Mar 072008
 

*originally printed in Red Shtick Magazine – March, 2008 (pdf)

Life, like breakfast, is best when it begins with an egg. The egg is one of the most common reproductive formats. Even complex mammalian organisms such as humans have eggs somewhere, so I’m told. These mammalian eggs are only one part of the elegantly mysterious equation describing the circle of life, which, in our world, inevitably results in babies – plump, tender, delicious babies.

Babies, according to Wikipedia, come from mommies and daddies. These parental entities created us, and our brothers and sisters, in some ritual learned through years of difficult homework and chores, which eventually led to a trip to the hospital. Without going too far into the mechanics of this ritual, with which I am wholly unfamiliar, there is a singular effect of reproduction that is of some interest to science, and is, therefore, the subject of this article: life – specifically, one of the fundamental particles of human life: the stem cell.

Conception follows copulation, unless contraception captures the chromosomal carriers, contradicting the circumstances most conducive to creating the commonly celebrated “bun in the oven.” The climbing ratio of buns to ovens, and the overwhelming increase in unwed teenage ovens, has influenced government to get involved in the standardization of oven maintenance and care. The stem cell is the yeast that makes the buns rise in these ovens, and some time ago, our elected officials found that this yeast can also be used to make beer – cold, powerful beer.
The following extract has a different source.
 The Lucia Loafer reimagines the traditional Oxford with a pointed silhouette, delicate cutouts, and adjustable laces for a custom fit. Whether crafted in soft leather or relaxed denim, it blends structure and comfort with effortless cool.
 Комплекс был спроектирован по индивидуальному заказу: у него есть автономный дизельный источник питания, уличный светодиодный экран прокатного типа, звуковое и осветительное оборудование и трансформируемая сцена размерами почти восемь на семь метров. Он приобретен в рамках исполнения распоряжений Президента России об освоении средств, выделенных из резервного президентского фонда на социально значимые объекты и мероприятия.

Stem cell research is a field founded by Ernest McCulloch and James Till in the 1960s, a time during which the biological sciences were considered “trippy” and “out there.” Stem cells can be found in adult cells and in blastocysts, which are more commonly known in Star Trek lore as the troublesome Tribbles. McCulloch and Till retain plausible deniability of foreknowledge of the trouble with Tribbles due to the fact that they are Canadian. Though they may not have known it, during their march towards truth, these clumsy scientists stepped on a crack that continues to break mothers’ backs to this day.

Stem cells represent a state of life that is a potential. Embryonic stem cells even more so, because not only do these cells have the potential to become any kind of human cell, they have the potential to be American cells. Politicians know that American cells can eventually become votes.
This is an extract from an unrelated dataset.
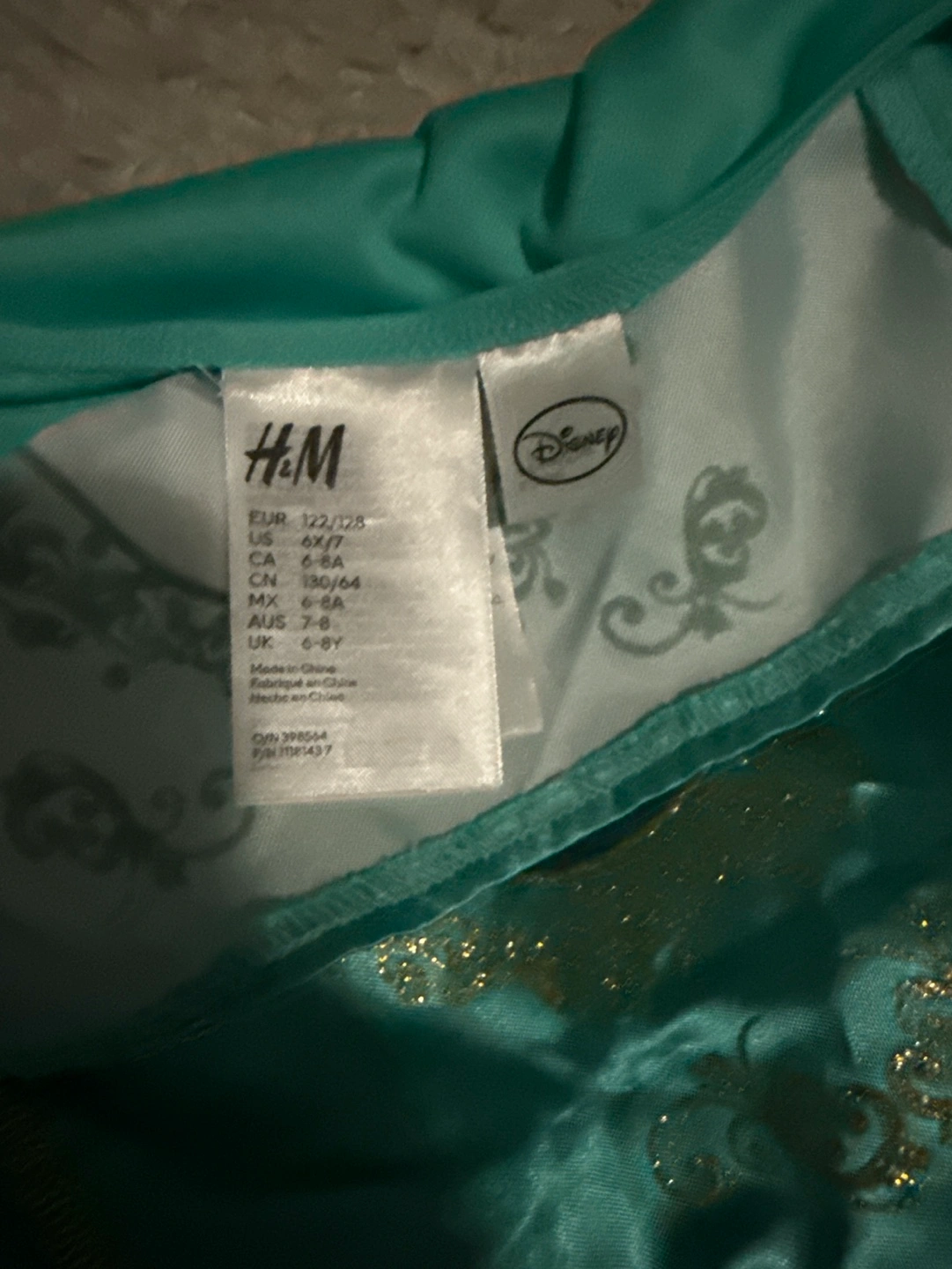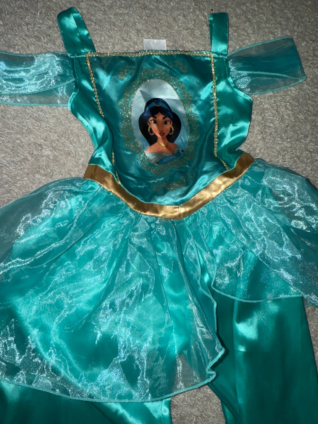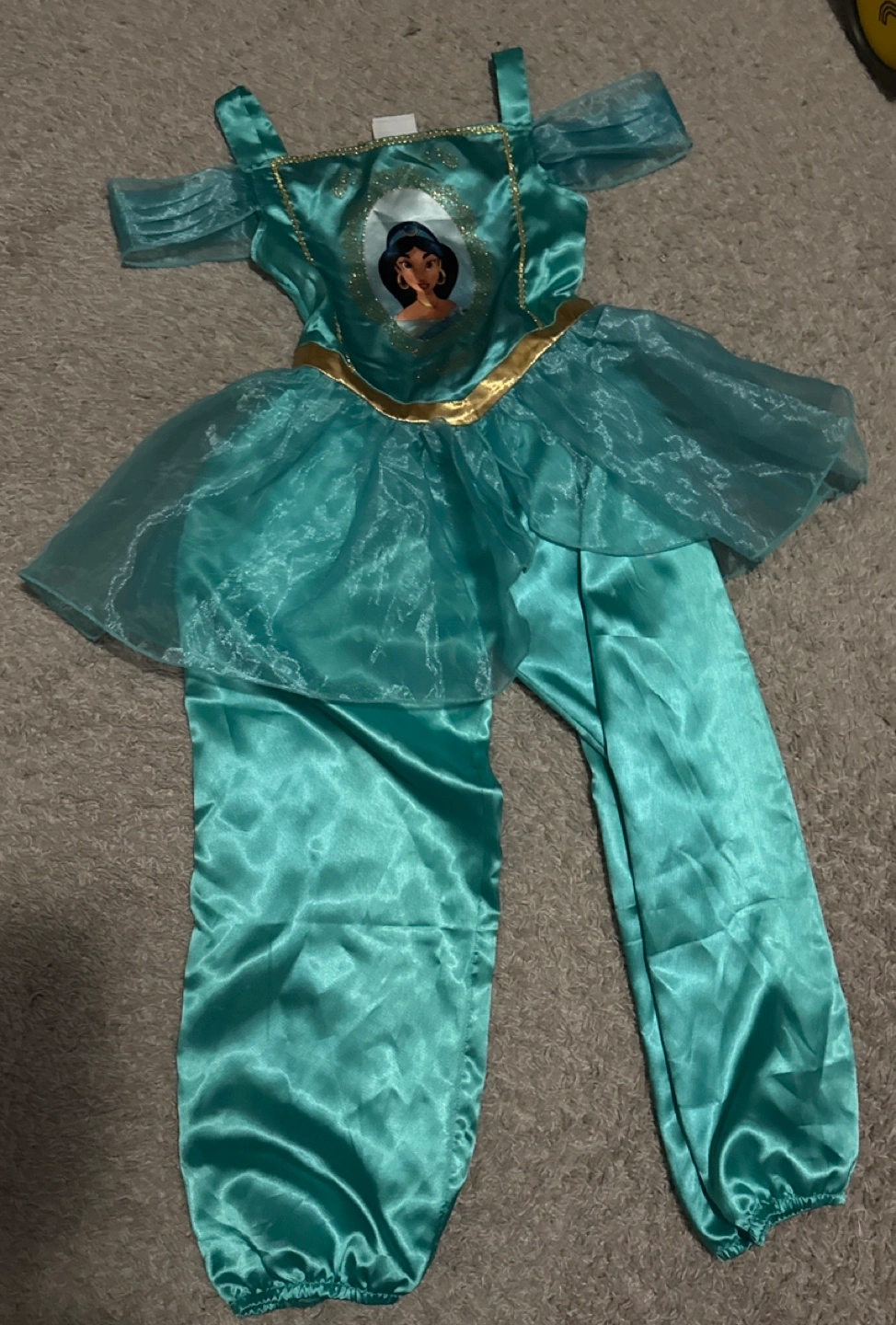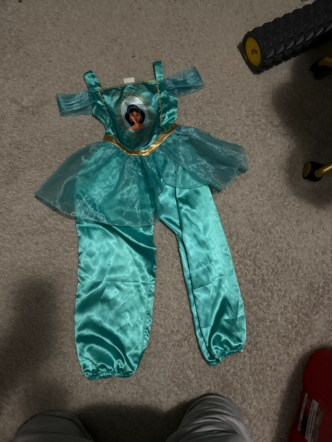 148Teal Princess Jasmine costume. Features a one-piece outfit with a sheer overlay. Suitable for dress-up or Halloween. Size 6-8 years. Smoke and Petfree Home. Serious Inquiries only. Pick up at Rosenthal.

The embryonic stem cell has taken root in the ripe soil of American social hypocrisy. This stem is growing into the trunk of a tree that I think it would be fun to hang a tire swing from, so real kids can play on it and possibly hurt themselves, because we constantly neglect them and focus on politics.
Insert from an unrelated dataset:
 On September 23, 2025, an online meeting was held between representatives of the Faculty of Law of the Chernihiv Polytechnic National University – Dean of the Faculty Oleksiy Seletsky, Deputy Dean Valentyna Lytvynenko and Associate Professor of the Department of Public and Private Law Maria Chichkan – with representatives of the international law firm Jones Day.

The ethical and political problem with embryonic stem cells is their source. To even think of gathering these living cells is truly an abhorrent use of the mind. It forces us to remember that the source exists. So, due to the detestable nature of the source and its offense to our souls, we ignore its utility to our bodies, the vessels of our so-often-offended souls.

Whatever your views on the subject of embryonic stem cell research, that part is not funny. The distinct unfunnyness of this conundrum results in people getting really mad at each other and doing a lot of preaching, sometimes in the form of jaded attempts at satire.

So here we are again, science on one side, religion on the other. The politicians are our athletes and champions in the new spectator sport of ethics and morality, life and death, gross and yucky. We cheer and boo at the arena, and then go home and live our lives. Daughters get pregnant: some become good mothers, some poor; some have abortions, some miscarry. Not funny.

It is all so intensely not funny that we can, at the same time, forgive nearly anything and forgive so very little. However, most of us just cheer and boo harder, and our politicians make laws for us so they can keep their jobs. Some of those laws protect life; most of those laws protect power. Central to all this turmoil and unfunnyness is a marginally funny fact: The political debate over stem cells boils down to babies, who cannot vote.

Rigorous scientific testing and analysis proves that babies eventually turn into us, and that we were, at one time, babies. We are not babies now, and babies are clearly not us, so it is our responsibility to see to it that they become us, or we may disappear, like Marty McFly fading from a causality-defying photograph from the future.

Babies have always been a problem in society due to their inherent cuteness and our irrational desire to protect and care for them at any cost. In prehistory, we paid the price for their safety in environmental risk, physical suffering, and mortal peril. Today we pay the price to protect babies by hard work, difficult choices, and occasionally sacrificing our reason in favor of the specter of setting a good spiritual example.

If we accept the utility of embryonic stem cells, then we accept or tolerate the acts that lead to their most heinous sources, but we already do that. So what do we do? We take care of babies so that, one day, they can deal with these ugly choices and not us, because thanks to generations of material success and assumed moral authority, we are irresponsible and unprepared. Let’s just hope that, unlike us, our babies eventually get tired of shiny toys and turn their minds towards more profound thoughts about life. Mmmmm, babies.